=== The problem ===
Leave out the pictures and reproduce all of the data exactly.

=== Dataset section ===
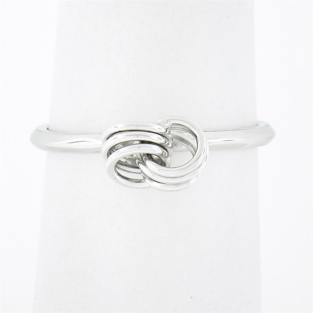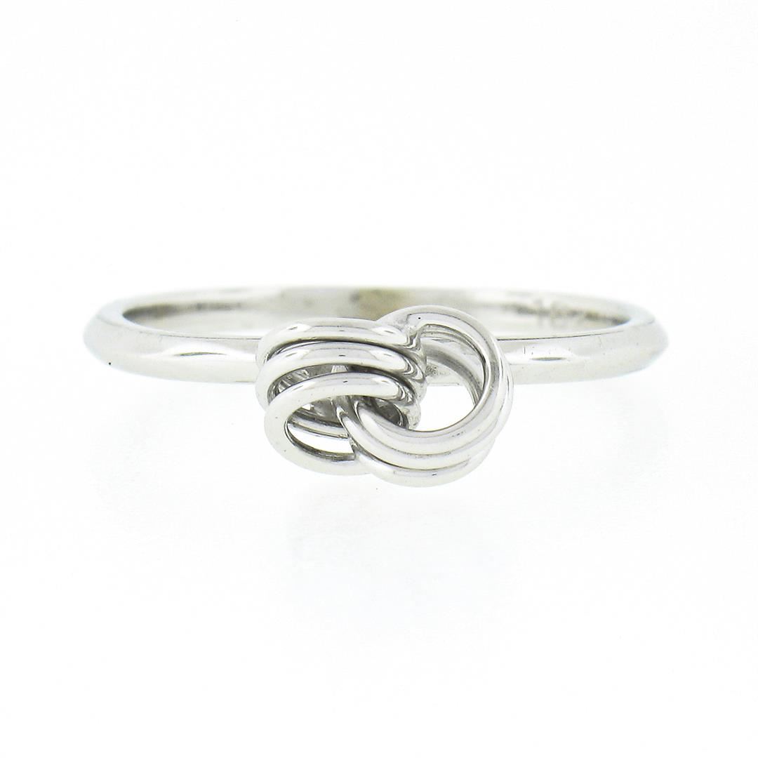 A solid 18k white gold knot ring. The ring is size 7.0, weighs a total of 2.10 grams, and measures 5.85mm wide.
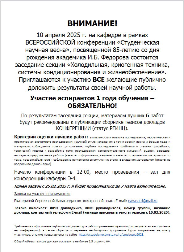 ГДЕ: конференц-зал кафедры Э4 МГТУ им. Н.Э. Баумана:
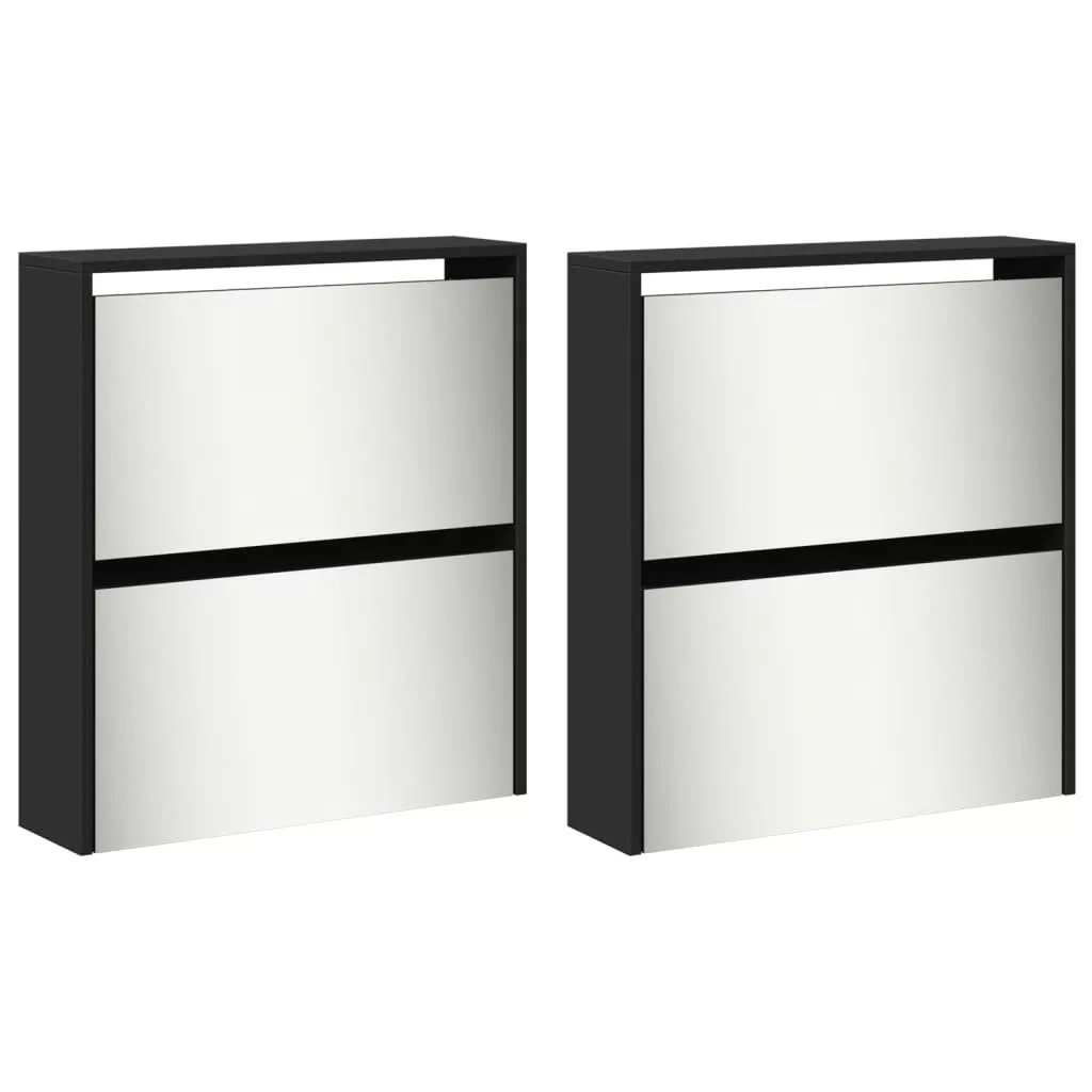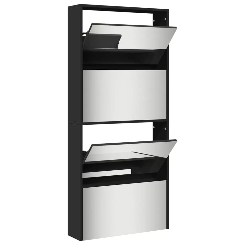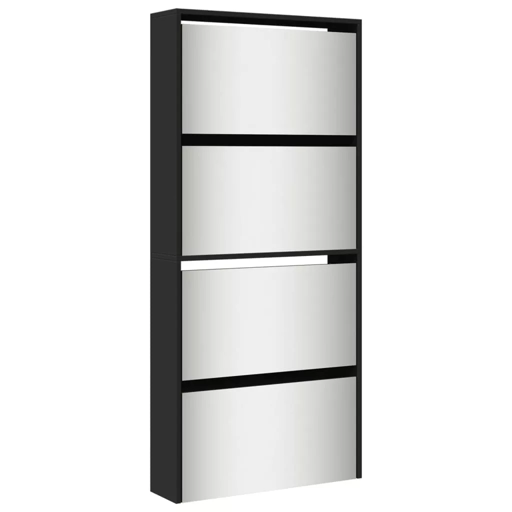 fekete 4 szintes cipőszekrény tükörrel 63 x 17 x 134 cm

=== Result for this exercise ===
 A solid 18k white gold knot ring. The ring is size 7.0, weighs a total of 2.10 grams, and measures 5.85mm wide.
 ГДЕ: конференц-зал кафедры Э4 МГТУ им. Н.Э. Баумана:
 fekete 4 szintes cipőszekrény tükörrel 63 x 17 x 134 cm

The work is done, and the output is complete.